EXERCISE INSTRUCTIONS: Word for word, restate the data that follows, omitting the images.

GIVEN DATA:
---

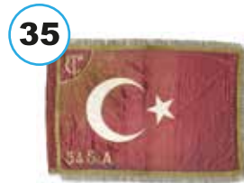
54.Süvari Alayı Sancağı
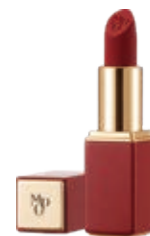
絲柔雅致唇膏 Silky Elegant Lipstick
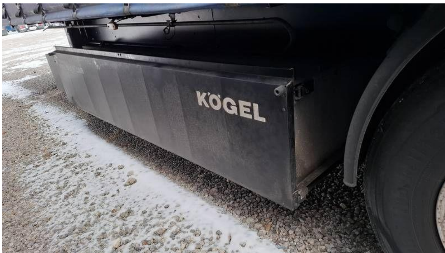
Fot. nr 22

---

OUTPUT OF THE TASK:
54.Süvari Alayı Sancağı
絲柔雅致唇膏 Silky Elegant Lipstick
Fot. nr 22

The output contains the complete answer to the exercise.